> [What the task requires]:
Starting at the first line of the records and stopping at the line that contains "-Ремонт выполнен на", transcribe every line exactly and leave out the pictures.

[[ Given records open ]]

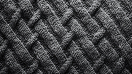 A creative digital illustration depicting Professional artistic design of plush dark alpaca wool knit, cable stitch texture, warm soft lighting, comforting lavish warmth, heather black and wool gray palette. This AI-generated artwork features unique visual elements suitable for various commercial and editorial applications. AI-generated illustration.
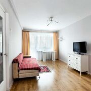-Ремонт выполнен на высоком уровне: по всей квартире уложен качественный ламинат в теплых древесных тонах, создающий уютную атмосферу. Стены оклеены свежими современными обоями, потолки выровнены и окрашены.
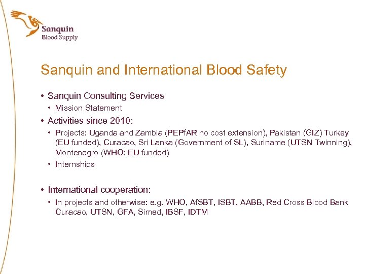Sanquin and International Blood Safety • Sanquin Consulting Services • Mission Statement • Activities since 2010: • Projects: Uganda and Zambia (PEPf. AR no cost extension), Pakistan (GIZ) Turkey (EU funded), Curacao, Sri Lanka (Government of SL), Suriname (UTSN Twinning), Montenegro (WHO: EU funded) • Internships • International cooperation: • In projects and otherwise: e. g. WHO, Af. SBT, ISBT, AABB, Red Cross Blood Bank Curacao, UTSN, GFA, Simed, IBSF, IDTM
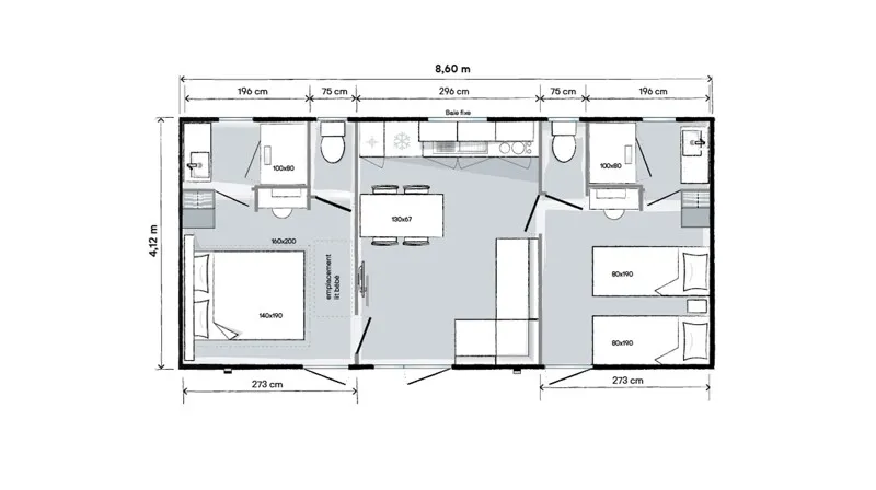 Alle Stellplätze GRAND CONFORT XL sind mit einem 10-Ampere-Stromanschluss (Adapter erforderlich), einem Wasseranschluss und einem Abwasserablauf ausgestattet. Sie haben eine durchschnittliche Fläche von 100 bis 110 m² und bieten Platz für bis zu 4 Erwachsene und 2 Kinder.
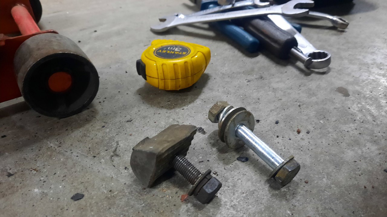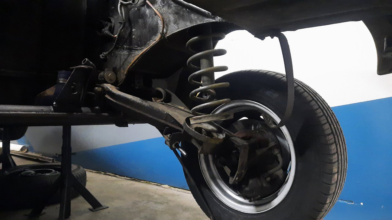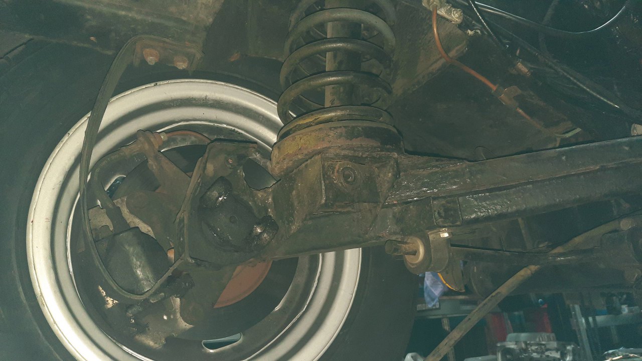 Po odkręceniu tych mocowań mogłem opuścić zawieszenie na ziemię i wyciągnąć je spod samochodu.
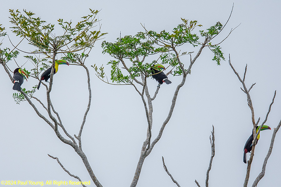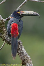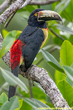 Toucans and aricaris often perch in the open. There are seven Central American species. They are the dominant avian frugivore in Neotropical forests. Their flight is an undulating flap-and-glide. Toucans are related to barbets.
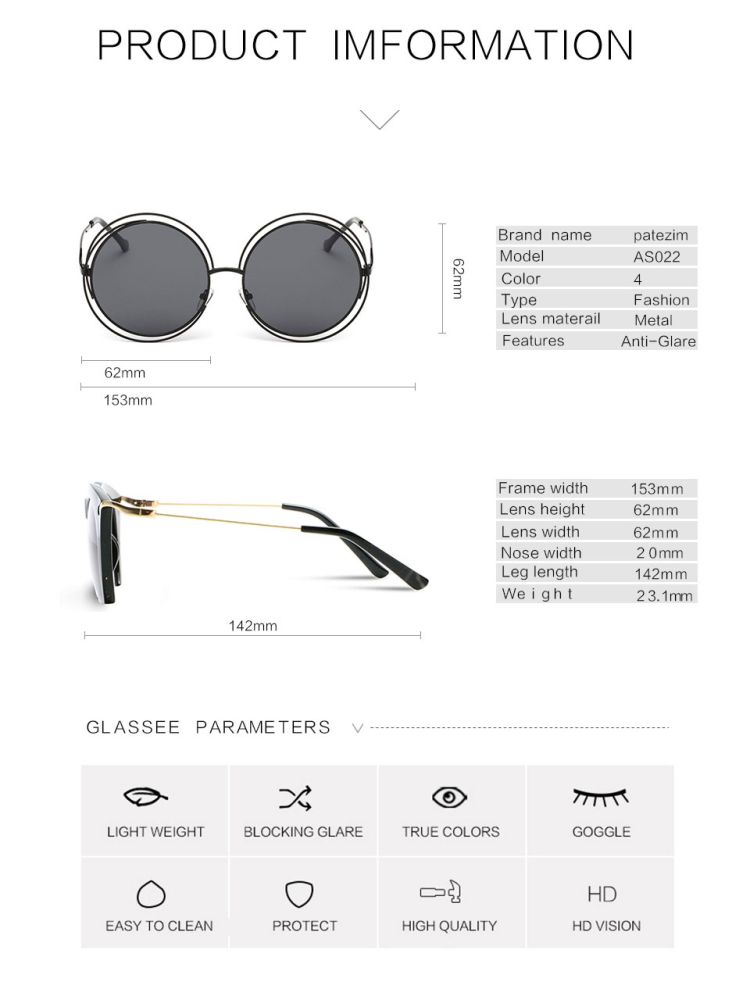 Oculos de sol Round Sunglasses Elegant Shades Oversized

[[ Given records closed ]]

> [Output for this task]:
 A creative digital illustration depicting Professional artistic design of plush dark alpaca wool knit, cable stitch texture, warm soft lighting, comforting lavish warmth, heather black and wool gray palette. This AI-generated artwork features unique visual elements suitable for various commercial and editorial applications. AI-generated illustration.
-Ремонт выполнен на высоком уровне: по всей квартире уложен качественный ламинат в теплых древесных тонах, создающий уютную атмосферу. Стены оклеены свежими современными обоями, потолки выровнены и окрашены.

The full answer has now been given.